Task prompt: Would you transcribe the records below from the line with "上一条:9428cn太阳集团" to the line with "Was wäre eine", ends included, exactly and with nothing more, leaving the pictures out?

---------- Records shown ----------

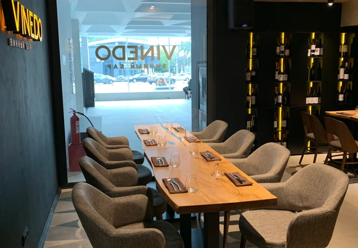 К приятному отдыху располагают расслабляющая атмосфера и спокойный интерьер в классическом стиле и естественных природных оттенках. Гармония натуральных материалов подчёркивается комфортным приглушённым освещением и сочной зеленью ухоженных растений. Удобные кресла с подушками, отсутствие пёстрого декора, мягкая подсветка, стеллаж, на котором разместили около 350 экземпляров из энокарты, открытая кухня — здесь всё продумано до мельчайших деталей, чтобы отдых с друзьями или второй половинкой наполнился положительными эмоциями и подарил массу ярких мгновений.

----------
---------- Records shown ----------

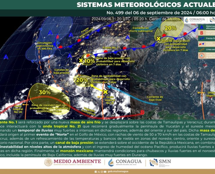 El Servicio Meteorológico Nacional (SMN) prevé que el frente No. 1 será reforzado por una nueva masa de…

----------
---------- Records shown ----------

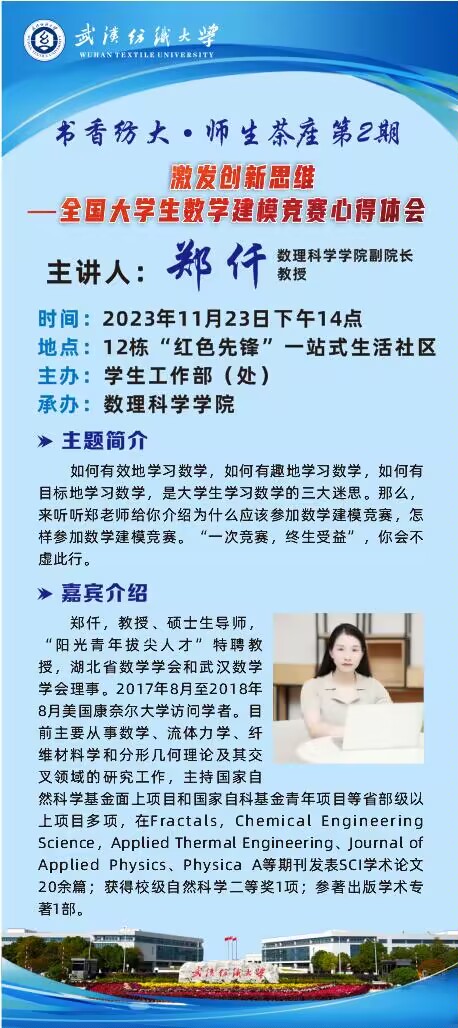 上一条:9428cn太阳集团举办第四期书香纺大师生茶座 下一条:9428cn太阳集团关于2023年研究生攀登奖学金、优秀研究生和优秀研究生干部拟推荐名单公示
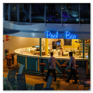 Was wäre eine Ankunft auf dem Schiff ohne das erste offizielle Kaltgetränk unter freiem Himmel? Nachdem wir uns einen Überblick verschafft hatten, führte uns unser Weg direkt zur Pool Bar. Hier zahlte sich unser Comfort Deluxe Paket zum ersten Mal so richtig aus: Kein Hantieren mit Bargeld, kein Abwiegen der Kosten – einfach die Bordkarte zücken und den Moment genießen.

----------

Response below:
 上一条:9428cn太阳集团举办第四期书香纺大师生茶座 下一条:9428cn太阳集团关于2023年研究生攀登奖学金、优秀研究生和优秀研究生干部拟推荐名单公示
 Was wäre eine Ankunft auf dem Schiff ohne das erste offizielle Kaltgetränk unter freiem Himmel? Nachdem wir uns einen Überblick verschafft hatten, führte uns unser Weg direkt zur Pool Bar. Hier zahlte sich unser Comfort Deluxe Paket zum ersten Mal so richtig aus: Kein Hantieren mit Bargeld, kein Abwiegen der Kosten – einfach die Bordkarte zücken und den Moment genießen.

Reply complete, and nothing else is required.